## WORK TO COMPLETE
Write out every line exactly, from the first line of the records below through the line that contains "Blouse Pentagone fluide".
━━━ GIVEN DATA ━━━
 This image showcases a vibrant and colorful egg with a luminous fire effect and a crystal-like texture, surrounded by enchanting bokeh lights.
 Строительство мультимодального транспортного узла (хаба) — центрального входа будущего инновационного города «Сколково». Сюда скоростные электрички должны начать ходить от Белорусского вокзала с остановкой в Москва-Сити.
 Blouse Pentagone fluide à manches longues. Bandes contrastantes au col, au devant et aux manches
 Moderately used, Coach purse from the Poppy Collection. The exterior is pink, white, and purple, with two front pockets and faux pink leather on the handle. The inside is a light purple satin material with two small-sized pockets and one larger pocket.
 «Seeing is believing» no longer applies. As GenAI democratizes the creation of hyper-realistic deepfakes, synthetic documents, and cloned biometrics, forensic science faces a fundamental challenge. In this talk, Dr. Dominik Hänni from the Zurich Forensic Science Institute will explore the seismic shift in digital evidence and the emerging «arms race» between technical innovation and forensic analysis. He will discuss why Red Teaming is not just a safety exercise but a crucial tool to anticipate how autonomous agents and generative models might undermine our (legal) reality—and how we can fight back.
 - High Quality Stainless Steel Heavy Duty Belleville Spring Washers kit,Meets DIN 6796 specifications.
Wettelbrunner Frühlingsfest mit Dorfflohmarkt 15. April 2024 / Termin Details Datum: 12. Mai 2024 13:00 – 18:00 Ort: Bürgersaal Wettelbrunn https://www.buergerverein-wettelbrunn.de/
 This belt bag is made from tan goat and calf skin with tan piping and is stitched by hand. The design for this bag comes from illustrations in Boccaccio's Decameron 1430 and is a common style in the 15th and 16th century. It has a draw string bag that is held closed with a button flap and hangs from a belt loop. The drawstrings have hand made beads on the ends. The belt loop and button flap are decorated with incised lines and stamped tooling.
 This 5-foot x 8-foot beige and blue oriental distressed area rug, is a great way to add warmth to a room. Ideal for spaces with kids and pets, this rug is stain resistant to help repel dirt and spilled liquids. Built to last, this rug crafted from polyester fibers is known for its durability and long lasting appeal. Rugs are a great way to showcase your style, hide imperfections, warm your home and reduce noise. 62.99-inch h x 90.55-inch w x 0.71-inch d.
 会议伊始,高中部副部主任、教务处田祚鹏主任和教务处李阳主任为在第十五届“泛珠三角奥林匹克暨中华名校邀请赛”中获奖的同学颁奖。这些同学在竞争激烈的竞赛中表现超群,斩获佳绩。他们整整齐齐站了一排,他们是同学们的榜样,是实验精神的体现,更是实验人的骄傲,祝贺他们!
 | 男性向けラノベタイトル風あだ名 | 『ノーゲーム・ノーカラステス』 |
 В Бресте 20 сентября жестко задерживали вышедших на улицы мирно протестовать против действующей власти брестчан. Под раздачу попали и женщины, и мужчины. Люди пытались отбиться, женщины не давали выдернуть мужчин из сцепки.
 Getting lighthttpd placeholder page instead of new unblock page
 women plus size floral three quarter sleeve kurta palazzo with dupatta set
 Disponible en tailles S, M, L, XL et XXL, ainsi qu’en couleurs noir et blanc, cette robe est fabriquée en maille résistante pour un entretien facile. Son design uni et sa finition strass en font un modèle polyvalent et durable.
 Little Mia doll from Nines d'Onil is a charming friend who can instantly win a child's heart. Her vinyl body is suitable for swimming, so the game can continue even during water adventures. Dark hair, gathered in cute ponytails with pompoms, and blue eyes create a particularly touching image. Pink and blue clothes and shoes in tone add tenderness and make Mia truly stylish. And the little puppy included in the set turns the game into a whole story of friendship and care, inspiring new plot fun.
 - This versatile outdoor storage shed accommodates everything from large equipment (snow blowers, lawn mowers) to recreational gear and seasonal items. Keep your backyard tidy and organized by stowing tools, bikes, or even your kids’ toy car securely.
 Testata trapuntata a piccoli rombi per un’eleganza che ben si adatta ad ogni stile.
━━━
## SOLUTION TO THIS TASK
 This image showcases a vibrant and colorful egg with a luminous fire effect and a crystal-like texture, surrounded by enchanting bokeh lights.
 Строительство мультимодального транспортного узла (хаба) — центрального входа будущего инновационного города «Сколково». Сюда скоростные электрички должны начать ходить от Белорусского вокзала с остановкой в Москва-Сити.
 Blouse Pentagone fluide à manches longues. Bandes contrastantes au col, au devant et aux manches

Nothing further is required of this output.